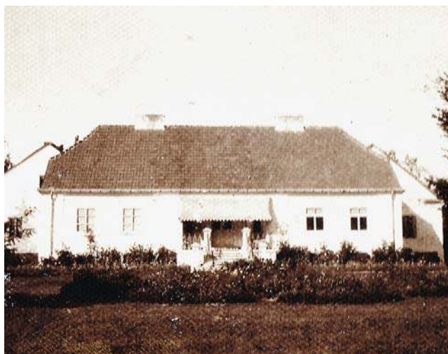
Dwór w Susku Starym, 1909 r.
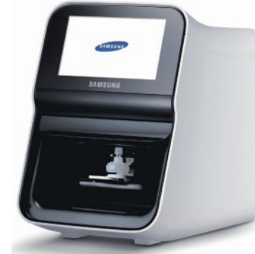
LABGEO PT 10S

Los parámetros se dividen 4 perfiles: Lipid 5, Biochemistry 9, Hepatic 9, Wellness 9.
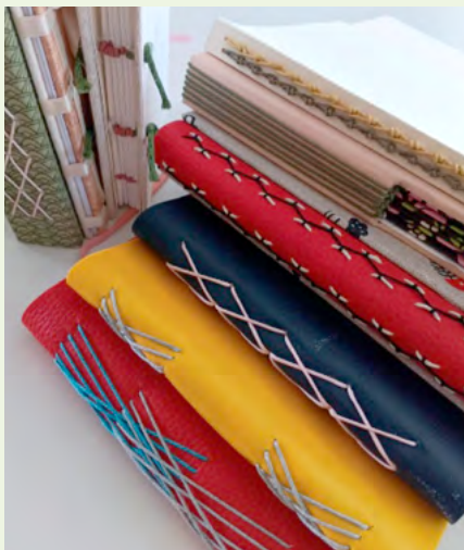
CASA DAS GERAÇÕES-BIBLIOTECA DA MURTOSA
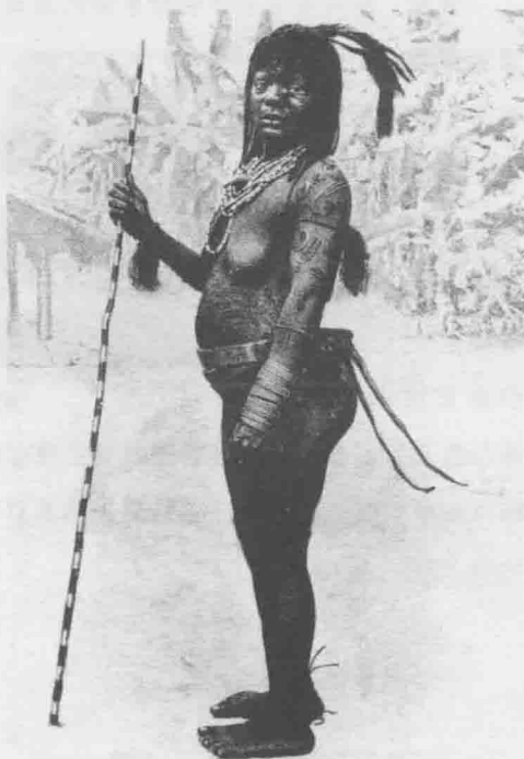
刚果边远地区的妇女，腰带和双辮是图腾装饰。
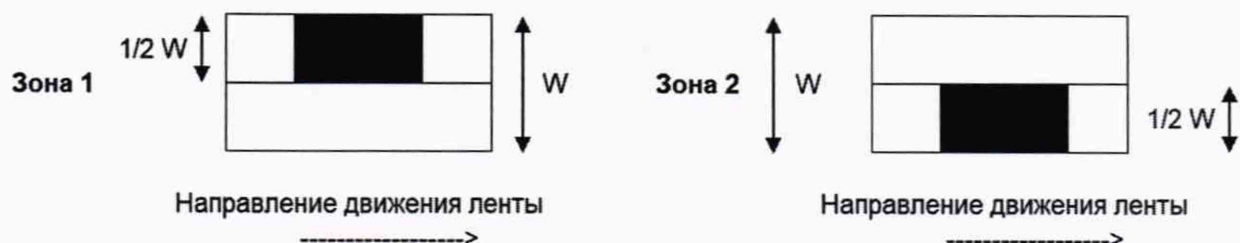
Рисунок 1 — Расположение испытательных нагрузок при оценке погрешности в режиме динамического взвешивания объектов измерений при их нецентрированном положении при движении по конвейерной ленте
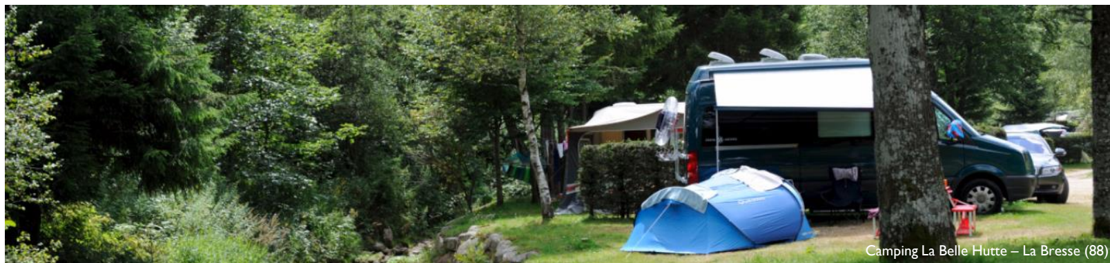
Camping La Belle Hutte – La Bresse (88)

Source : INSEE - Données définitives 2015 Observatoire Régional du Tourisme d'Alsace , Observatoire Régional du Tourisme de Champagne-Ardenne, Observatoire Lorrain du Tourisme
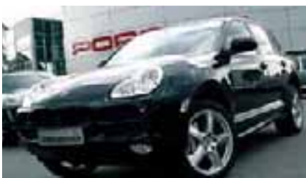
10 Porsche Cayenne S Tiptronic Basaltschwarzmetallic EZ 10/2005 | 95.800 km | EUR 30.800
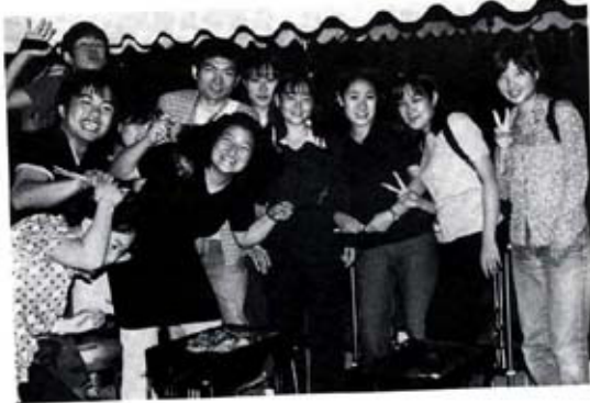
看護学科で行われた「豚汁会」6/10(水)
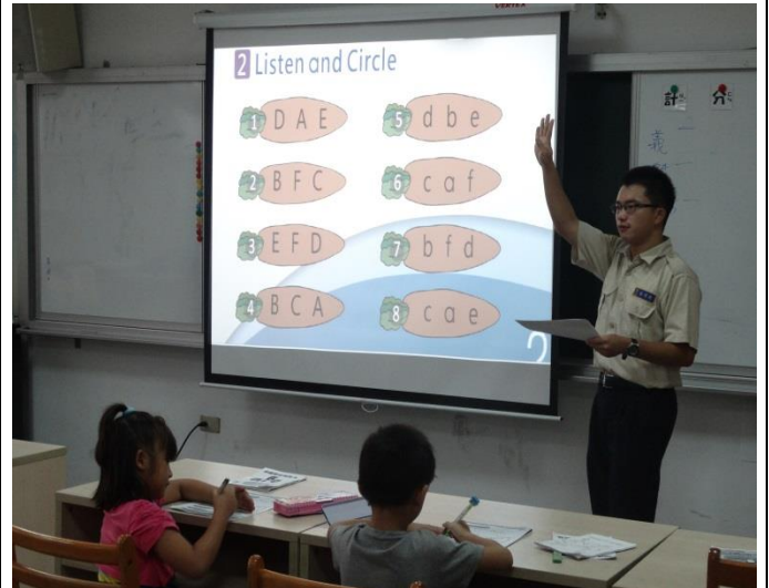
隨堂測驗瞭解學生的學習狀況
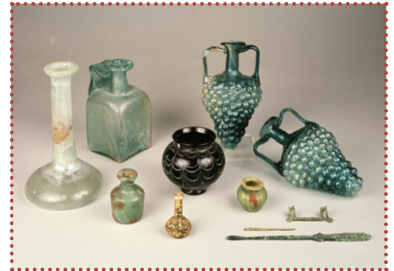
Glasblazen konden de Romeinen al als de beste.

De Romeinen noemden de bewoners ten noorden van de Romeinse rijn 'Germanen' en ten zuiden van de Rijn 'Kelten'. Dat verschil vonden de Romeinen wel zo makkelijk. Maar de volkeren die in die tijd hier woonden, hadden een beetje van allebei. Dus het onderscheid dat de Romeinen maakten, klopt niet helemaal.
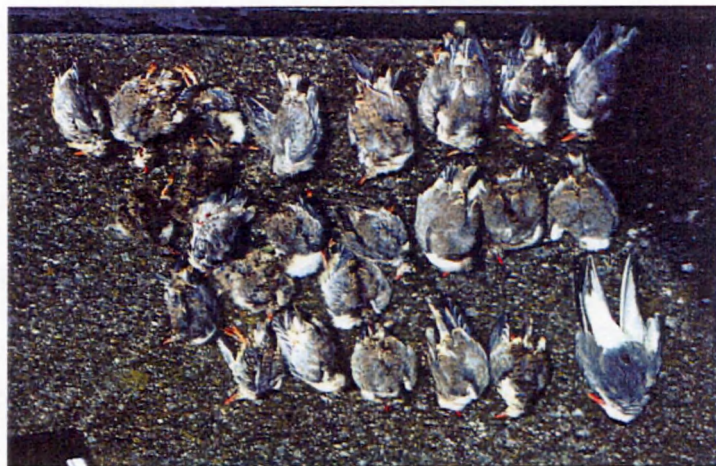
Figuur 5 Sterfte onder jongen

In totaal zijn er 113 dode jongen en twee dode adulte vogels aangetroffen in de kolonie. Deze sterfte vond voornamelijk plaats in de laatste week van juni (38 dode jongen) en de tweede en derde week van juli (70 dode jongen). Hoewel in juni alleen dode jongen van enkele dagen oud gevonden werden, werden in de tweede en derde week van juli vrijwel alleen dode jongen gevonden die op het punt stonden om uit te vliegen. De 31 dode jongen van 26 juni, de 15 dode jongen van 7 juli, de 10 dode jongen van 10 juli en de 24 dode jongen van 14 juli zijn verzameld en meegenomen naar het Rijksinstituut voor Kust en Zee te Middelburg voor mogelijke analyses. Figuur 5 (foto) toont de dode jongen en dode adult die aangetroffen werden op 14 juli.
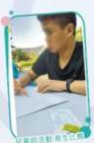
兒童節活動寫生比賽
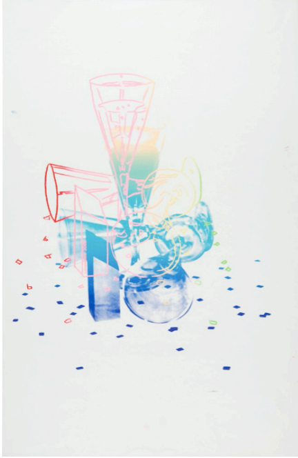
Andy Warhol « Committee 2000 », 1982
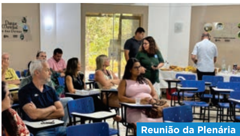
Reunião da Plenária
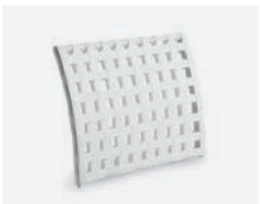
pag 94 VILLA SCHIENALE / BACKREST cod 532/BCO ▮69 ▮11,5 ▮52
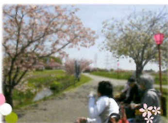
桜を見ながらいっぱく
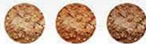
Sunlight Sunkissed Sunloving (New)
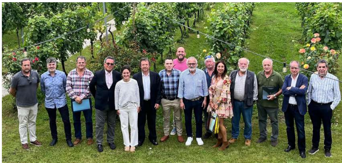
La Mesa del Vino posa en Bodegas Hortanza, en Guriezo.
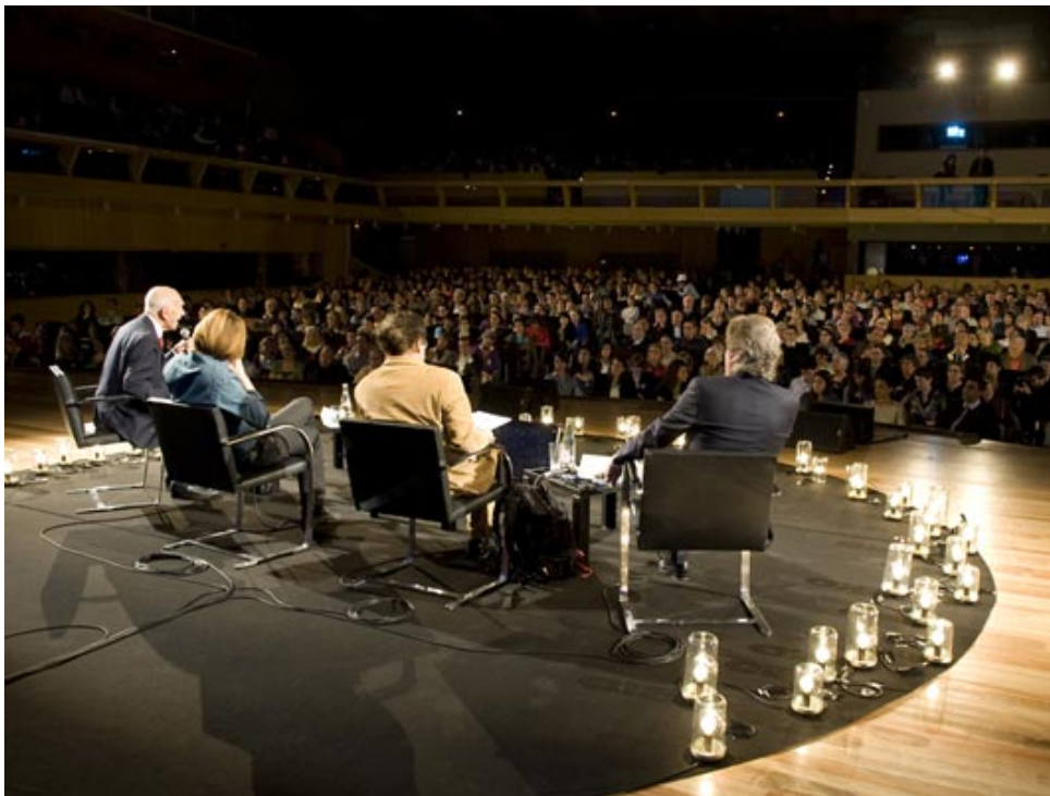
Bâtir une nouvelle société - Edition 2011

Si vous n'avez pas eu la chance de suivre comme moi à l'UNESCO cette nouvelle édition de l'Université de la Terre où près de 20 000 personnes étaient réunies pour débattre sur le thème "Bâtir une nouvelle société", voici en vidéos l'ensemble des entretiens.
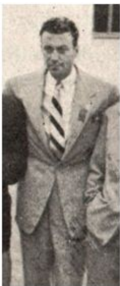
Hockey sobre hierba
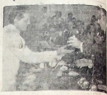
O ator Lúcio Mauro quando recebia das mãos do ministro Pascoal Carlos Magno, o "Samuel", como o melhor intérprete de 1957.
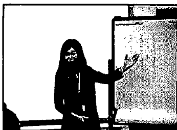
児童とベンガル語名刺作りワークショップ
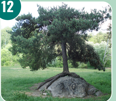
Bilden passar med bokstaven: G
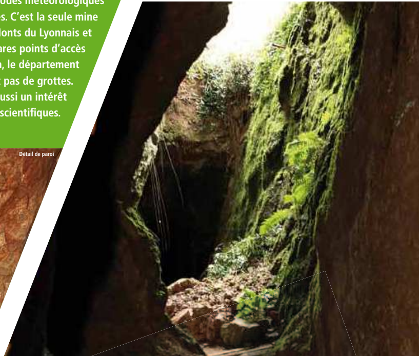
Détail de paroi

La Réserve Naturelle Régionale de la mine du Verdy offre aux chauves-souris un gîte de refuge et de tranquillité pendant l'hibernation et lors de périodes météorologiques défavorables. C'est la seule mine d'importance des Monts du Lyonnais et un des rares points d'accès au milieu souterrain, le département du Rhône n'ayant pas de grottes. Elle présente aussi un intérêt pour les scientifiques.
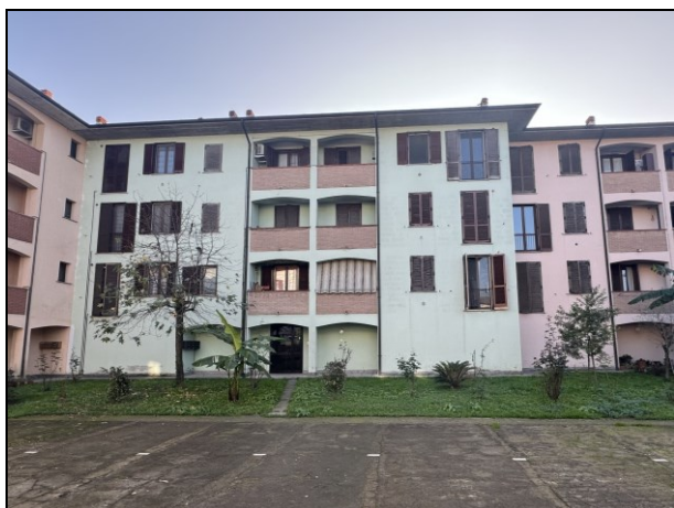
Foto 1: Prospetto del fabbricato nel quale è inserita l'unità immobiliare pignorata.
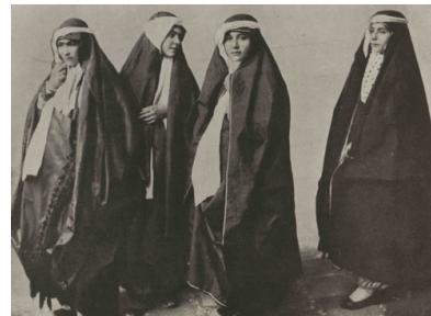
۱۲- چادر عبایی

در ابتدای حکومت ناصرالدین شاه طبق اظهارات دکتر ویلز زنان چادری آبی و یک تکه بر سر می کردند و روبندی صورتشان را می پوشانده است. خانم کارلاسرنا رنگ چادر زنان را سرمه ای تیره می داند. هانری بایندر در اواخر حکومت ناصرالدین شاه به ایران آمده بود. وی در مورد چاقچوری که زنان در خارج از خانه می پوشیدند می گوید: «زنها در کوچه شلواری گشاد که تمام شلیته ها را داخل آن می کنند؛ می پوشند. این شلوار انتهایش به جورابی دوخته شده که داخل کفش می شود. بر روی سر چادری از جنس پنبه ای به رنگ آبی و بر روی چادر روبندهای سفید که در مقابل چشمانشان شبکه ای به شکل ابریشم دوزی تعبیه شده است.» (بایندر؛ ۱۳۷۰: ۱۱۳) تا اواسط دوران سلطنت ناصرالدین شاه استفاده از چادری به رنگ آبی تیره مورد استفاده زنان بود و در میان زنان متوسط و پایین جامعه آن روزگار؛ پارچه چادر از کرباسی بود که آن را با نیل به رنگ آبی در آورده بودند.
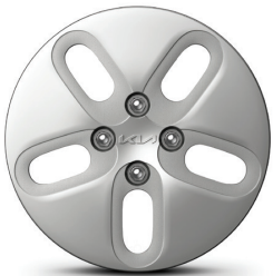
14인치 스틸 휠(폼사이즈 휠커버)

-*-

ABOUT THIS EXERCISE.
Please give an exact copy of the entries above, from the line with "Détail de paroi" down to the line with "La Réserve Naturelle", inclusive, and nothing else.

SOLUTION FOR THIS TASK.
Détail de paroi

La Réserve Naturelle Régionale de la mine du Verdy offre aux chauves-souris un gîte de refuge et de tranquillité pendant l'hibernation et lors de périodes météorologiques défavorables. C'est la seule mine d'importance des Monts du Lyonnais et un des rares points d'accès au milieu souterrain, le département du Rhône n'ayant pas de grottes. Elle présente aussi un intérêt pour les scientifiques.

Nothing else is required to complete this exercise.